The United States was home to more than 745,290 franchise establishments in 2017. Big names like McDonald’s, Dunkin', Taco Bell and Planet Fitness generate millions of dollars annually. Dunkin', for example, has stores in 32 countries and requires a low investment of only $228,621, according to Entrepreneur. Before starting this kind of business, make sure you understand the characteristics of a franchise as well as the pros and cons.
Nowadays, anyone can start a business. Turning it into a successful venture is the hard part. After all, there's a reason why 90 percent of startups fail. Another option is to buy an existing business, but be prepared to pay the price.
Have you ever considered franchise ownership? With this business model, you get the right to use a company's logo, name, know-how and products in exchange for a fixed fee, a percentage of gross sales and recurring payments. The franchisor, or business owner, will provide you with everything you need to become successful, from training to marketing materials. The downside is that you won't have full control over the business.
About half of all U.S. retail sales come from franchises. In fact, one out of 12 American businesses is a franchise. This industry provides goods and services in more than 300 categories, from health and fitness to real estate. Depending on your budget, you can buy a franchise for as little as $25,000 or as much as $50 million. As a franchisee, you may be protected from competition and receive ongoing support from the franchisor.
One of the main advantages of a franchise is the low startup cost. Many times, buying a franchise is less expensive than starting a business from scratch. Dale Carnegie Training, for example, requires an initial investment of $52,200 to $226,500. Franchisees must also pay ad royalty fees and ongoing royalty fees of up to 12 percent. Some franchises require business experience, while others provide training.
The nature of franchising is different than that of other business models. Franchisees enjoy the freedom of business ownership while being part of a larger network with its own set of rules and regulations. The relationship between the franchisor and franchisee is governed by a contract that outlines the rights and obligations of each party. A fitness franchise, for instance, will grant you the right to use the franchisor's training systems and workout plans, but you cannot develop and promote your own training programs.
Make sure you are fully aware of the drawbacks and advantages of a franchise. This business model has a higher success rate than most startups and makes it easier to secure financing. Furthermore, franchises have an established image and strong media relations, which can reduce your advertising costs. Their goods and services have a loyal customer base. You won't need to test the market and define your buyer persona because you already know your target audience.

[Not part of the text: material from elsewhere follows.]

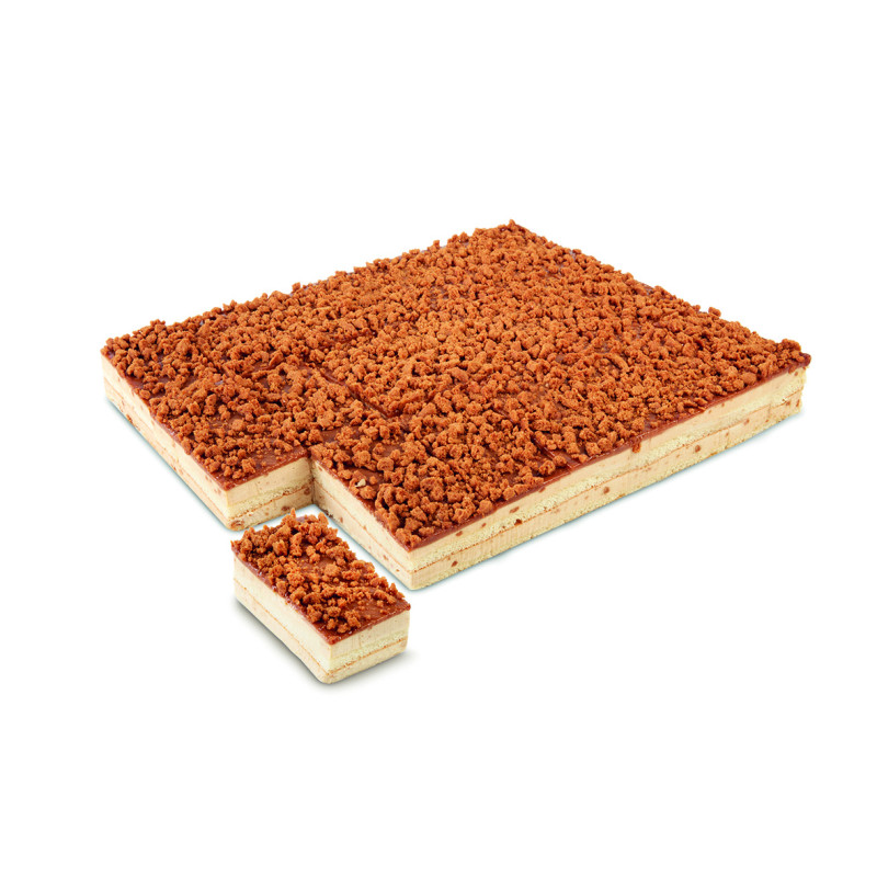 Precut cake layered with Lotus Biscoff spread — caramelized flavor and smooth creamy texture. كعكة مقطعة مسبقًا بطبقات من كريمة لوتس بيسكوف بنكهة كراميل لذيذة وقوام كريمي ناعم.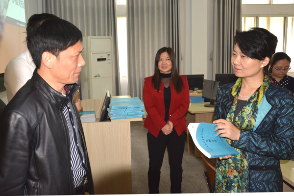 张菊老师(右二)向吕晓华(左四)介绍大学生创业培训四级课程体系

The average cost of starting a franchise is around $250,000. Some franchisees, especially those operating in the real estate industry, require higher startup costs that many entrepreneurs cannot afford. Hilton Hotels & Resorts, for example, charges anywhere between $29 million and $112 million plus a $75,000 initial franchise fee. Additionally, franchisees must pay ongoing royalty and advertising fees, which is one of the primary characteristics of a franchise.

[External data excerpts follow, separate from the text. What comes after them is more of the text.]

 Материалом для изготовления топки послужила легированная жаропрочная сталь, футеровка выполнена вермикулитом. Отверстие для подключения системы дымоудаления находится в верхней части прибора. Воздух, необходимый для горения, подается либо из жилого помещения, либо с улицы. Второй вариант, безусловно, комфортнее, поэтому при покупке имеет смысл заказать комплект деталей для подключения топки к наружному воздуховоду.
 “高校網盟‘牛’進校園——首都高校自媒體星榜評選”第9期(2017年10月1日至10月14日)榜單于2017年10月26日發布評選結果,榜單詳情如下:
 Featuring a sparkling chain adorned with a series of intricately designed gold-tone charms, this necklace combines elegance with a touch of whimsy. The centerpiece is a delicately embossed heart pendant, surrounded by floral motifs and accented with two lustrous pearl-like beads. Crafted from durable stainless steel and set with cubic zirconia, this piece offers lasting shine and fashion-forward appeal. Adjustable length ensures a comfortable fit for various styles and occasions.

Another drawback is that you must share your profit with the franchisor. Starting your own business, on the other hand, allows you to keep all the revenue. With a franchise, there will be restrictions on the suppliers you can use, the goods you can sell and where you can operate. As an independent business owner, you have more freedom and flexibility.
When you're a franchisee, the success of your business doesn't depend entirely on you. If other franchisees make mistakes that affect the brand's reputation, your revenue will suffer too. Breaking a franchise agreement can be expensive and complicated, which further limits your freedom. Also, be aware that franchisees can fail too. Common mistakes such as hiring inexperienced staff, choosing the wrong location or underestimating the commitment required can hurt your business and your revenue.